Pero la mirada de los idiotas se había animado; una misma luz insistente estaba fija en sus pupilas. No apartaban los ojos de su hermana mientras creciente sensación de gula bestial iba cambiando cada línea de sus rostros. Lentamente avanzaron hacia el cerco. La pequeña, que habiendo logrado calzar el pie iba ya a montar a horcajadas y a caerse del otro lado, seguramente sintióse cogida de la pierna. Debajo de ella, los ocho ojos clavados en los suyos le dieron miedo.

—¡Soltáme! ¡Déjame! —gritó sacudiendo la pierna. Pero fue atraída.

—¡Mamá! ¡Ay, mamá! ¡Mamá, papá! —lloró imperiosamente. Trató aún de sujetarse del borde, pero sintióse arrancada y cayó.

—Mamá, ¡ay! Ma. . . —No pudo gritar más. Uno de ellos le apretó el cuello, apartando los bucles como si fueran plumas, y los otros la arrastraron de una sola pierna hasta la cocina, donde esa mañana se había desangrado a la gallina, bien sujeta, arrancándole la vida segundo por segundo.
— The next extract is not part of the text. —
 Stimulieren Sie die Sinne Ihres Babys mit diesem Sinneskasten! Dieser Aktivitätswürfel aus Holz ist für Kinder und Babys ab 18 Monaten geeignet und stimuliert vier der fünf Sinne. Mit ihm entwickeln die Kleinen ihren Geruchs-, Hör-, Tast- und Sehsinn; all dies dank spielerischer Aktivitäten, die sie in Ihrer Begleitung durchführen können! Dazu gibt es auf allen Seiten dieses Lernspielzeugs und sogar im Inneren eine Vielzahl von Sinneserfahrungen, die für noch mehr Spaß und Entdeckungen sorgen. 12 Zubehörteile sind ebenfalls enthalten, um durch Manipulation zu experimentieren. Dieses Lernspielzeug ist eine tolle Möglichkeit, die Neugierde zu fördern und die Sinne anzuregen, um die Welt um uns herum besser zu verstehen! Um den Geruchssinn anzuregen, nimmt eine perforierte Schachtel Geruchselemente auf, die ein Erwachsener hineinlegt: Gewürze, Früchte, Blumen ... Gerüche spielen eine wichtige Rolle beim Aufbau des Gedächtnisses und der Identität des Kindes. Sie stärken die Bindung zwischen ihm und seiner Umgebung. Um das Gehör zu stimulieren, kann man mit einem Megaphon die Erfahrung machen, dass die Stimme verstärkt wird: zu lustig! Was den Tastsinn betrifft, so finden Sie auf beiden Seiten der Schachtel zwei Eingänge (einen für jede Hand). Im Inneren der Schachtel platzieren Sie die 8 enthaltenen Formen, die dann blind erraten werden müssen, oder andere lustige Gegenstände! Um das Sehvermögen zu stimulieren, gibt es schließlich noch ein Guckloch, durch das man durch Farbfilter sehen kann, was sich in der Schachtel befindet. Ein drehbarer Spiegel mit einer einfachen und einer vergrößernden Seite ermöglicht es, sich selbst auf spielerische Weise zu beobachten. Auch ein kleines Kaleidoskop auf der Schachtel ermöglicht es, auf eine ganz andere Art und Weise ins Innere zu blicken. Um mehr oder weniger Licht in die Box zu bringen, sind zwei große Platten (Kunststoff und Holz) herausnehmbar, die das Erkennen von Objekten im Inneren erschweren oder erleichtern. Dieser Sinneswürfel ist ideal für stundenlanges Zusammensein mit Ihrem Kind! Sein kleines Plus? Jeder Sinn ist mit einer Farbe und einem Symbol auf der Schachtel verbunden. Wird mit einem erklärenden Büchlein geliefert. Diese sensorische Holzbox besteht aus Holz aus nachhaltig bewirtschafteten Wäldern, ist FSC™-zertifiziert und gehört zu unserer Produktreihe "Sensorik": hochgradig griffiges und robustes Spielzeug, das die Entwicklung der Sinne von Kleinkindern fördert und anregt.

Mazzini, en la casa de enfrente, creyó oír la voz de su hija.

—Me parece que te llama—le dijo a Berta.

Prestaron oído, inquietos, pero no oyeron más. Con todo, un momento después se despidieron, y mientras Berta iba dejar su sombrero, Mazzini avanzó en el patio.

—¡Bertita!

Nadie respondió.

—¡Bertita! —alzó más la voz, ya alterada.
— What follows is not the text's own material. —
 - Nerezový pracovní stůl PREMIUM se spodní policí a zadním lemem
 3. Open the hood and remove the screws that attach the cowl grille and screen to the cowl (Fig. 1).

Y el silencio fue tan fúnebre para su corazón siempre aterrado, que la espalda se le heló de horrible presentimiento.

—¡Mi hija, mi hija! —corrió ya desesperado hacia el fondo. Pero al pasar frente a la cocina vio en el piso un mar de sangre. Empujó violentamente la puerta entornada, y lanzó un grito de horror.
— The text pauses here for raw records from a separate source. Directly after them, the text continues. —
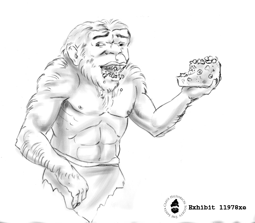 Homo clausicus enjoying an early rendition of what we now call "fruit cake".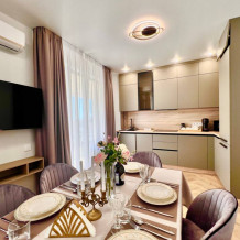 - укомплектованная кухня - гостиная (сплит, кофе - машина, микроволновая печь, посудомоечная машина, стиральная машина, холодильник с морозильной камерой);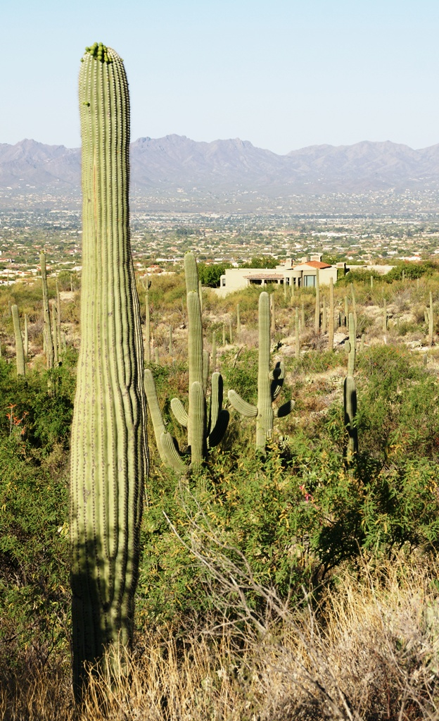 Here is a portion of the saguaro forest, around 7 am with the lower canyon filled with light. There are a few foothill homes with west and southwest Tucson. The Tucson Mountains are in the distance.

Berta, que ya se había lanzado corriendo a su vez al oír el angustioso llamado del padre, oyó el grito y respondió con otro. Pero al precipitarse en la cocina, Mazzini, lívido como la muerte, se interpuso, conteniéndola:

—¡No entres! ¡No entres!

Berta alcanzó a ver el piso inundado de sangre. Sólo pudo echar sus brazos sobre la cabeza y hundirse a lo largo de él con un ronco suspiro.